Write out again, word for word, the lines below from the line that holds "一等奖1名:小米Redmi智能手表+获奖证书;" through the line that holds "The Bee Pick", omitting pictures.
• • • •
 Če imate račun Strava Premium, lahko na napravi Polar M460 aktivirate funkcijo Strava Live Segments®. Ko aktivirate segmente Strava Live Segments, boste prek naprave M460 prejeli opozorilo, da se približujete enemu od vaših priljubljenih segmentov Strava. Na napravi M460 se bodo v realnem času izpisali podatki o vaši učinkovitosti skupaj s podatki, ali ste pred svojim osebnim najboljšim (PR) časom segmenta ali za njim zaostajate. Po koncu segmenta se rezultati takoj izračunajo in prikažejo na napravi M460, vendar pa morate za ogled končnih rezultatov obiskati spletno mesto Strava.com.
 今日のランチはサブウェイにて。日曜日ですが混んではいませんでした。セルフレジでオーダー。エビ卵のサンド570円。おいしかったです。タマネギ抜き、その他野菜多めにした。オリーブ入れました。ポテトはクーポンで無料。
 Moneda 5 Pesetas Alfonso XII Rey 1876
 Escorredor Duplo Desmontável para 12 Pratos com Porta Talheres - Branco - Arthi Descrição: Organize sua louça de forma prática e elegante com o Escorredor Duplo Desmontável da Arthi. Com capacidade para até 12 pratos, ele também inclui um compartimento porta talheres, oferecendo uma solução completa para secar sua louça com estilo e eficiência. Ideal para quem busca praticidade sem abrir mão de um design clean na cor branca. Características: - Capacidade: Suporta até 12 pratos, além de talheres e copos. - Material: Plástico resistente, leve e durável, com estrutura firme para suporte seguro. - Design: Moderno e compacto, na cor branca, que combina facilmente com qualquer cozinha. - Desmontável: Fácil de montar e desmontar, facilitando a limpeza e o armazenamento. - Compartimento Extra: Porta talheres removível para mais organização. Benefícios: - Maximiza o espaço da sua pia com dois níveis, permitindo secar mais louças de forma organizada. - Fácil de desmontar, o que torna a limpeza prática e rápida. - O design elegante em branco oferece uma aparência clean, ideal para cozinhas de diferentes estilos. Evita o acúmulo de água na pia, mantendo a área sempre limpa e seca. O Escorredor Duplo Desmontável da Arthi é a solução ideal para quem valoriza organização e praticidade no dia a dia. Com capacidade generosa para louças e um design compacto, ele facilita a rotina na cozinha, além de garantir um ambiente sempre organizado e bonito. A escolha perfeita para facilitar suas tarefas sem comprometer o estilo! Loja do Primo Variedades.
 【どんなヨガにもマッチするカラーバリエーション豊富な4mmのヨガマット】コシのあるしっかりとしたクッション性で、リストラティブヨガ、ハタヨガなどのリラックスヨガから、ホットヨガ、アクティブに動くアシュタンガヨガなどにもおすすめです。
• • • •
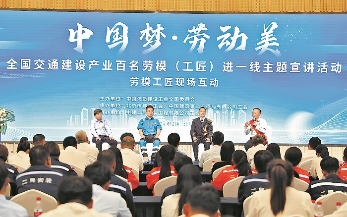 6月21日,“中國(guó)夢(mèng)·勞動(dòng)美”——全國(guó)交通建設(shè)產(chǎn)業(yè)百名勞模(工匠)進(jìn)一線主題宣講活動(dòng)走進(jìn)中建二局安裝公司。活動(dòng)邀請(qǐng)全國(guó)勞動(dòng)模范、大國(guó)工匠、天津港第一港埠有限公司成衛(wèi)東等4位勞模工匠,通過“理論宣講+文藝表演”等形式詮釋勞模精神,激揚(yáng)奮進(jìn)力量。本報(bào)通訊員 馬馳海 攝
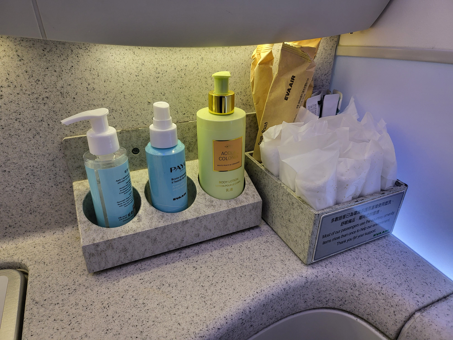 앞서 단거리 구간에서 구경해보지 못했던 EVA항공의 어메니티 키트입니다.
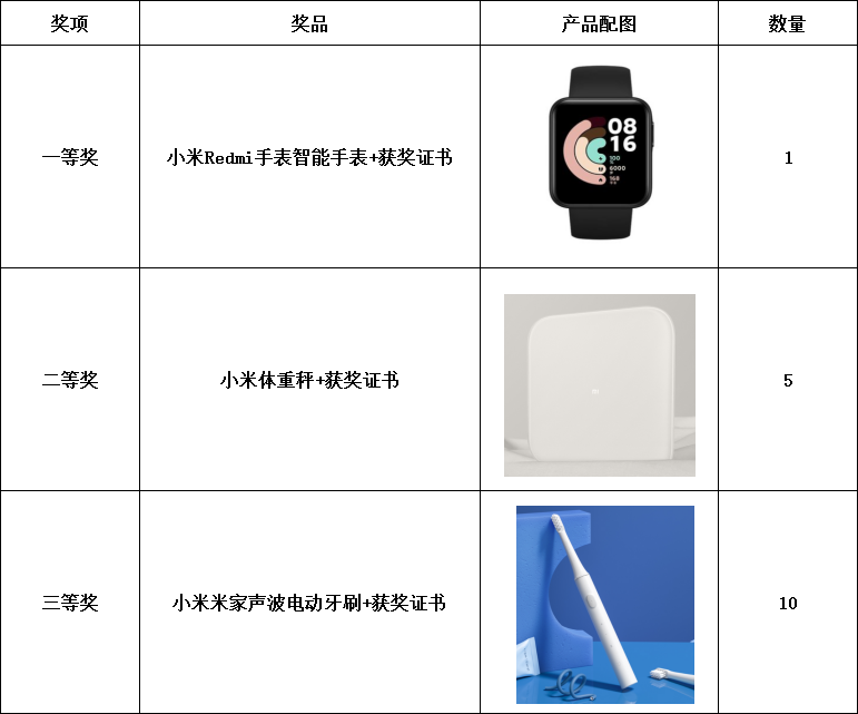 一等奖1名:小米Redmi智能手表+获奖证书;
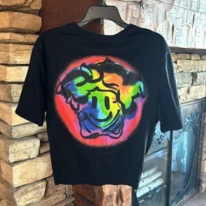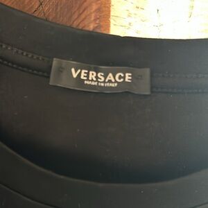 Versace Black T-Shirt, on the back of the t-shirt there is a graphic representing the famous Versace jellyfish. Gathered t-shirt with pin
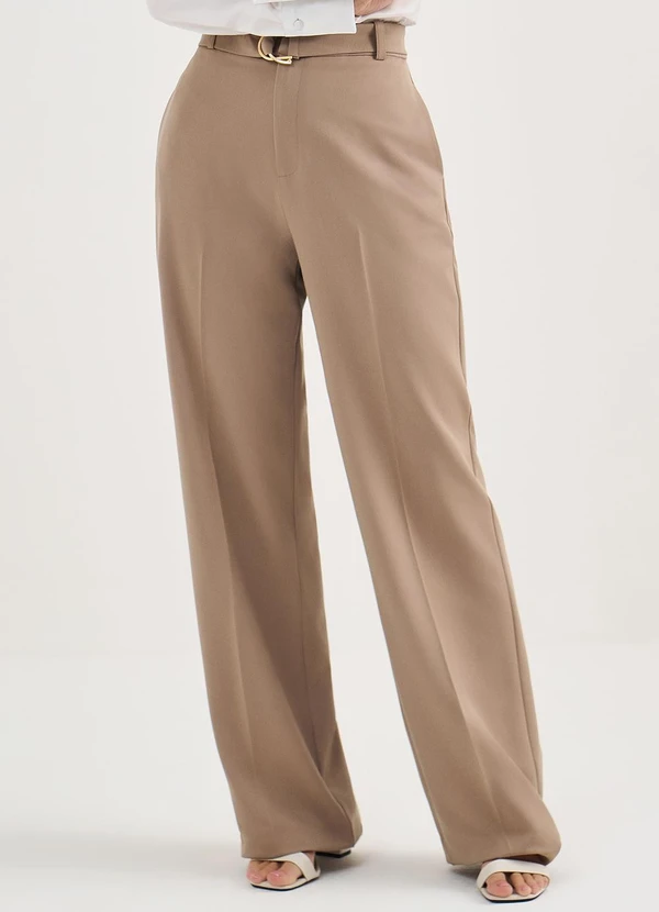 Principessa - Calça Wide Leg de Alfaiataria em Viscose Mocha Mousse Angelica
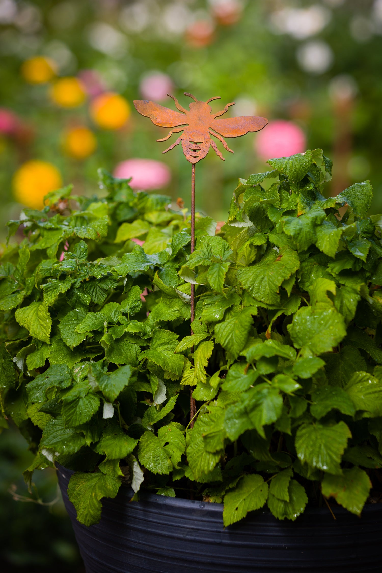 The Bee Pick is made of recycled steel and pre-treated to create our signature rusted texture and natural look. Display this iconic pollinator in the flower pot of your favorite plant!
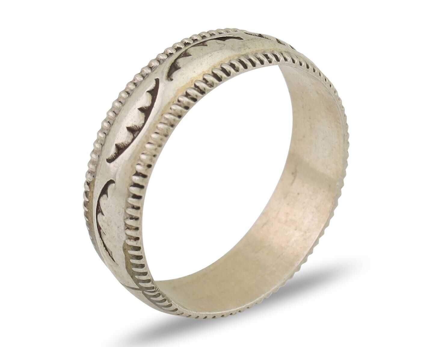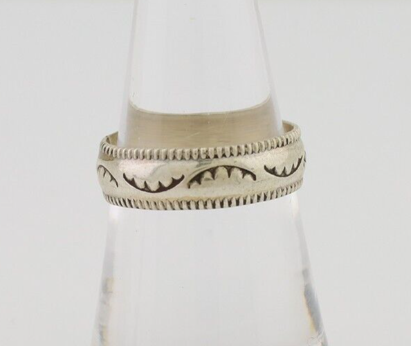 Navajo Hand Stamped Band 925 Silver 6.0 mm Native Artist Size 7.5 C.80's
• • • •
_EXERCISE SOLUTION_
 一等奖1名:小米Redmi智能手表+获奖证书;
 Versace Black T-Shirt, on the back of the t-shirt there is a graphic representing the famous Versace jellyfish. Gathered t-shirt with pin
 Principessa - Calça Wide Leg de Alfaiataria em Viscose Mocha Mousse Angelica
 The Bee Pick is made of recycled steel and pre-treated to create our signature rusted texture and natural look. Display this iconic pollinator in the flower pot of your favorite plant!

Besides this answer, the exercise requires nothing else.